Thank you, that is excellent advice.
What this episode gives us is several hours in a spontaneous revolution (framed as a coup by the powers that be) which arose out of a riot, and the overwhelming impression is of a situation that could easily go very badly — through violence, but also through carelessness or distraction. Or malice.
I absolutely rolled my eyes when Miles says, “I know not all cops are bad,” because, sir, it is 2026. But it is also 2013, and the thing about Miles is that he’s only politically engaged when he is directly affected by an issue. I find this very frustrating, and it’s one of the reasons I don’t enjoy having him as a major lead character, but his attitude is true to his personality as written.
And that trait — of being essentially apolitical until inconvenienced — is true of nearly everyone on Mars, certainly the adult workers. I have to imagine that’s intentional on some level — that Helios and the M6 are deliberately excluding applicants with a history of activism and political engagement. (I don’t think it’s coincidence that Lee and his wife, defectors from North Korea, are almost the only people with a broader sense of ethics.)
So yes, the revolution is depicted as spontaneous and unplanned, and doesn’t even have the preparation that went into the protests and actions of the Civil Rights era, and that ties into a rosy-eyed liberal view of political history, but it’s also a plausible depiction of a series of unplanned events being escalated by people with no long-term plans.

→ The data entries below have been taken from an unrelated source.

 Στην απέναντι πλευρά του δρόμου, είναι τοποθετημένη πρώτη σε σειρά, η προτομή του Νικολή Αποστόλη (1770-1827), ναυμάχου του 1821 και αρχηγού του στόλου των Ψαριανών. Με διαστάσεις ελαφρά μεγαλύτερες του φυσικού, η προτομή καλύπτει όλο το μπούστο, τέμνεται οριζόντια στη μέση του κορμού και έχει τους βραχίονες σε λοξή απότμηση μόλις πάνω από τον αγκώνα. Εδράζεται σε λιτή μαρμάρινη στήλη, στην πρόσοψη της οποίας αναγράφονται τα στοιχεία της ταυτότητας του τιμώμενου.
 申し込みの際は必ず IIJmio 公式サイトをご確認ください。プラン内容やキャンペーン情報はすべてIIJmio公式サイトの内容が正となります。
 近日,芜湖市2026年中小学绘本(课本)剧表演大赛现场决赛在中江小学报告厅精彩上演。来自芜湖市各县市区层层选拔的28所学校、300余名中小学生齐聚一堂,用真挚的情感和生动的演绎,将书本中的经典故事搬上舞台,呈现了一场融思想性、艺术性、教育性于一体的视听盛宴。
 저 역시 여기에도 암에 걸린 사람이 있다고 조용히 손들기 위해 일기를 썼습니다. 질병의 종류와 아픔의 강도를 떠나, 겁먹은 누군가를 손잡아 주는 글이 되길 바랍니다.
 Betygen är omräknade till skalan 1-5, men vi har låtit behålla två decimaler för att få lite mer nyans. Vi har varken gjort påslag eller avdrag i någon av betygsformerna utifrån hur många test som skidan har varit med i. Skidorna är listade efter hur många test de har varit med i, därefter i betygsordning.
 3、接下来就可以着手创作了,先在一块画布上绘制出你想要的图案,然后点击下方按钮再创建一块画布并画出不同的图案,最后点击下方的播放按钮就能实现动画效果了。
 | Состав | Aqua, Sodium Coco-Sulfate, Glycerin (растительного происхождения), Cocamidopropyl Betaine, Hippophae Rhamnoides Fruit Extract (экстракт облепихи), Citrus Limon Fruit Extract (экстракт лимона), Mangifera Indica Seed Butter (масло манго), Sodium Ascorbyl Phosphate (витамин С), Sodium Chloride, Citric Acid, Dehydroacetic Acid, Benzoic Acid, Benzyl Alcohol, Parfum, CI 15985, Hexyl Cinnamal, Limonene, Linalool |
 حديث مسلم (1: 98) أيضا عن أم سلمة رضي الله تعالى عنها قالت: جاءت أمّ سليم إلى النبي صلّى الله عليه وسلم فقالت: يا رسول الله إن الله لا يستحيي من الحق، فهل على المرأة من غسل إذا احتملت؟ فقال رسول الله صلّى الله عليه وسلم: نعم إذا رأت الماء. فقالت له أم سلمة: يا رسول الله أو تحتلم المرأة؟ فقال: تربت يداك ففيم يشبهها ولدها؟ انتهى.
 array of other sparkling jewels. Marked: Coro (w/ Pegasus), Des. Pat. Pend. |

And I’m not just talking about the Marsies here. Lenya going from zero to TREASON and HANGINGS is wild. So is Bragg and his escalation of Dubyaousity and also his plans for a siege, which would be an actual war crime. There are, like, four people in this situation who are thinking beyond the next hour, and unfortunately one of them is Dev. Who is definitely planning something.
I’m not saying the lesson we should be taking from this is that, if you have the chance to beat up a billionaire, you shouldn’t leave him alive. But that’s because I don’t think we should be looking to television for advice on running a revolution.
And that’s the other thing — I keep using the word “revolution”, but no one actually wants to overthrow the system. The Sons and Daughters of Mars just want a say in the decision-making. They are fighting for electoral representation. It’s extremely revolutionary, if your modern history classes began and ended with the American Revolution.